No, it is no longer clear at all. Where the Russians end and the Ukrainians begin. The Afghans and the Pakistanis. The Germans and the Austrians. Who devised the pastel colors used so meticulously on political maps to color in the different countries? Who assigned them – pistachio green for one, pastel violet for the other – with such provocative, hypocritical certainty? While on the radio we hear of ethnic cleansing, civil war, annexation.

Overpainting, like Olaf Osten's, is the only passable response. He restores to the things the ambiguity that is rightly there's, hot-wiring the present with the past. He is almost maniacal in doodling them full, the surfaces that are designed to box in our certainties, and in doing so he augments them with a thousand other certainties. He charges the nineteenth of April with the twentieth of November, and the twentieth of November with the twenty-first of January next year. He fills the North China Sea with the waters of the Baltic, or with the blues of his painting box.

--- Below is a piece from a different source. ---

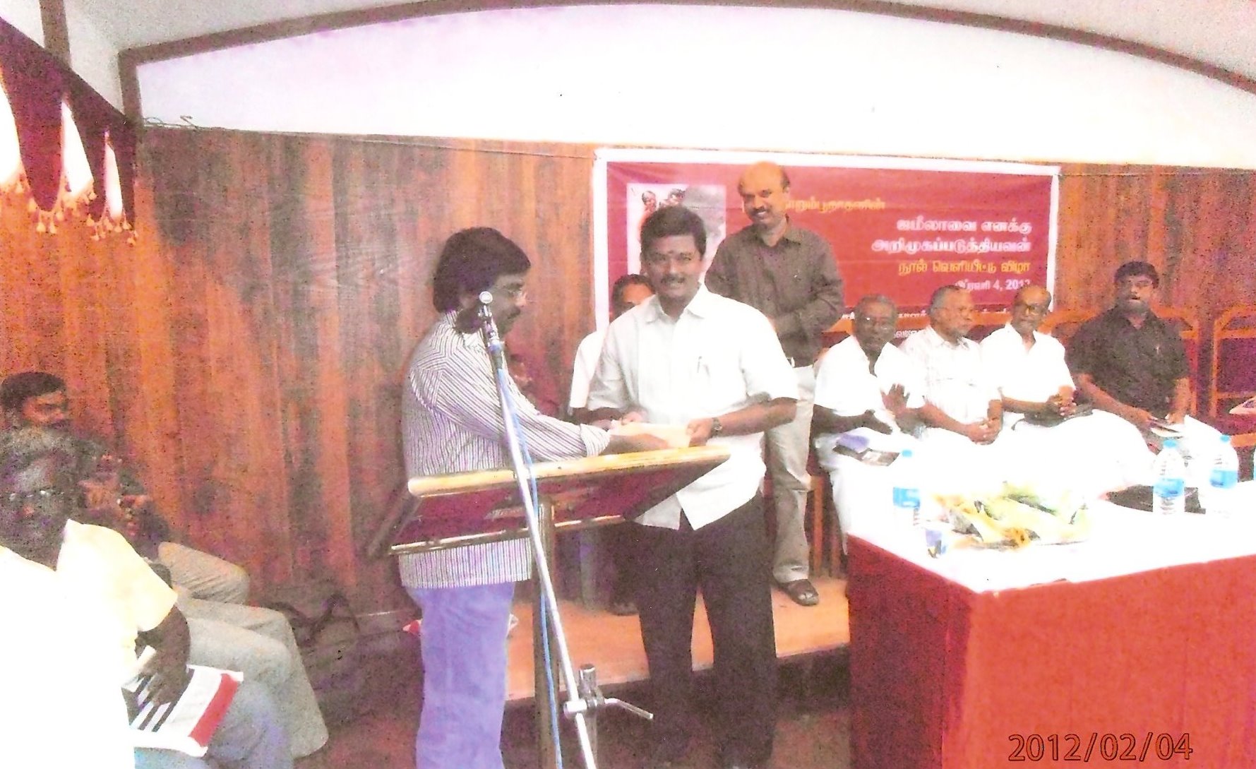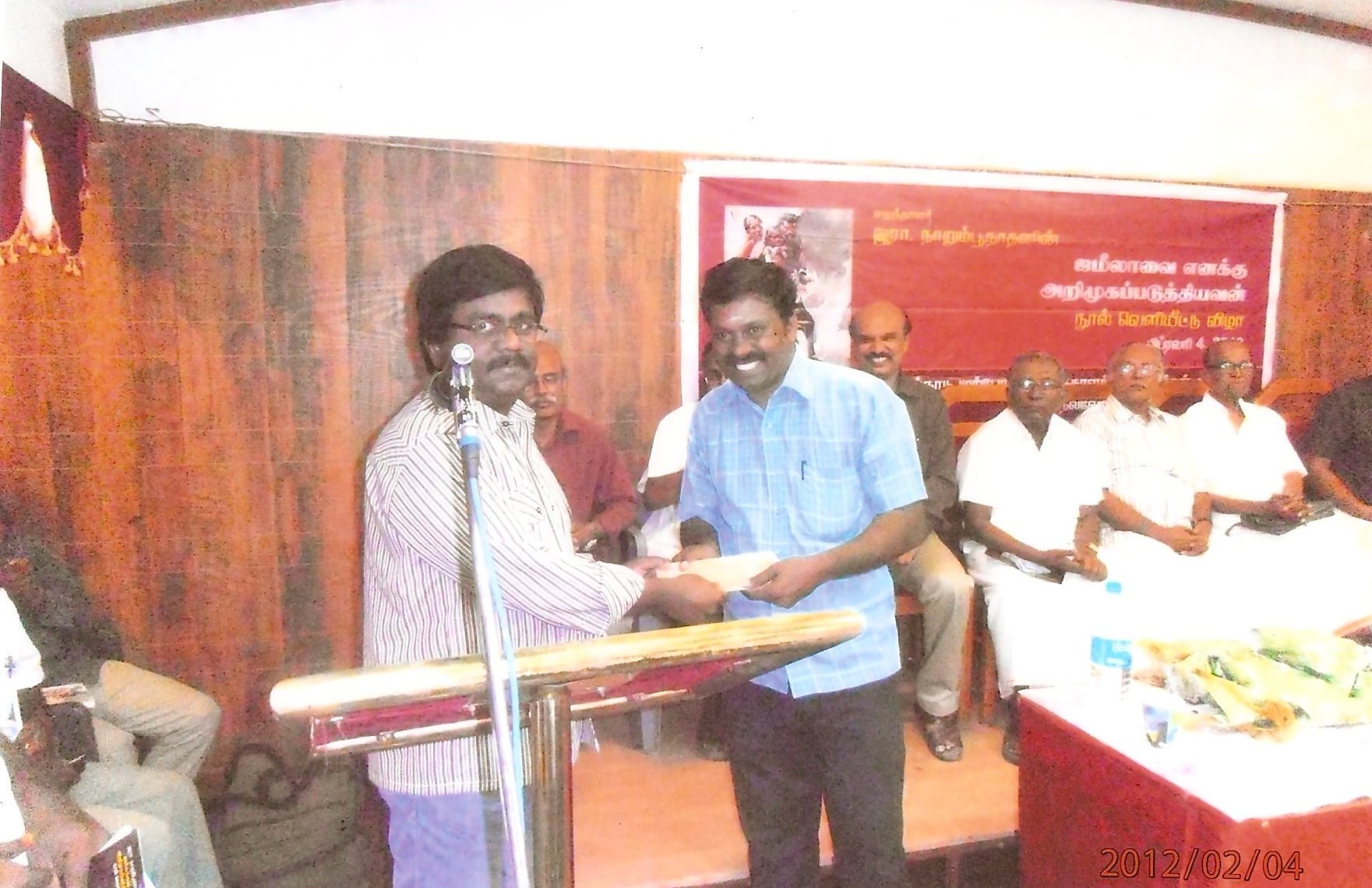 ஜானகிராம் ஹோட்டலின் மாடிப்படிகளில் அவசர அவசரமாக ஏறினோம். விழா நடைபெறும் வாசலில் நாறும்பூநாதனும், க்ருஷி ஸார்வாளும் நின்று கொண்டிருந்தனர்.‘தம்பி, இன்னும் ஒங்க காலு சரியாகல போல தெரியுதெ!’ க்ருஷி ஸார்வாளின் தொண்டை வழியாக ஹெரான் ராமசாமி என்னிடம் அக்கறையாகக் கேட்டார்.‘எல்லாரும் வந்தாச்சு.உள்ள வாங்க’.கைபிடித்து அழைத்துச் சென்றார் நாறும்பூநாதன்.உள்ளே தி.க.சி தாத்தா, தோப்பில் முகம்மது மீரான் அண்ணாச்சி, நாவலாசிரியர் டி.செல்வராஜ் ஐயா, வண்ணதாசன் அண்ணாச்சி போன்றோர் அமர்ந்திருந்தனர்.நீண்ட வருடங்களுக்குப் பிறகு நான் பார்த்த ’வானம்பாடி’ சங்கர் சித்தப்பாவின் அருகில் போய் உட்கார்ந்து கொண்டேன்.மேடையில் ‘திருவுடையான்’ தபலா வாசித்துக் கொண்டே அருமையாகப் பாடிக் கொண்டிருந்தார். மூன்று வருடங்களுக்கு முன்பு மதுரை புத்தகக் கண்காட்சியின்போது திருவுடையானின் கச்சேரியைக் கேட்டு ரசித்து, அவரிடம் பேசிக் கொண்டிருந்த ஞாபகம் வந்தது. தாளவாத்தியம் வாசித்துக் கொண்டே பாடுவது என்பது லேசுப்பட்ட காரியமல்ல. முயன்று பார்த்தால்தான் தெரியும். பலமுறை முயன்று கேவலப்பட்டிருக்கிறேன்.(அதேபோலத்தான் ஒரு கையில் மணியும், மற்றொரு கையில் தீபாராதனையும் காட்டுவது. முயன்று பார்த்துவிட்டு சொல்லுங்கள்).திருவுடையானுக்கு முன்பே ‘கரிசல் குயில்’ கிருஷ்ணசாமி பாடிவிட்டதாகச் சொன்னார்கள். அவர் குரலைக் கேட்க முடியாமல் போனதில் வருந்தினேன். திருவுடையானைப் பற்றி ஒருமுறை இளையராஜா அவர்களிடம் சொல்லிக் கொண்டிருந்தேன். ’ஸார், திருவுடையான்னு ஒரு பாடகர். கம்யூனிஸ்ட் கட்சி மேடைகள்ல . . .’ நான் சொல்லிக் கொண்டிருக்கும் போதே இடைமறித்து, ‘ஆங், தெரியும். ‘விருமாண்டி’ பட்த்துல ‘கருமாத்தூர் காட்டுக்குள்ளே’ பாட்டு பாட வச்சிருந்தேனே’ என்றார்.

What is close to you, and what is far away? Is that which is farther away more alien than that which is close? And is that which seems the most impossible really farthest away?

Suddenly we are no longer where we should be. We have appointments, but unfortunately we have painted over them, and we come too late. We have lost our way, become distracted while folding up our map. We have been carried off by what is happening along the Donaukanal, and thus we can no longer find our way to the place where we are awaited.

But these pictures say: That's quite alright.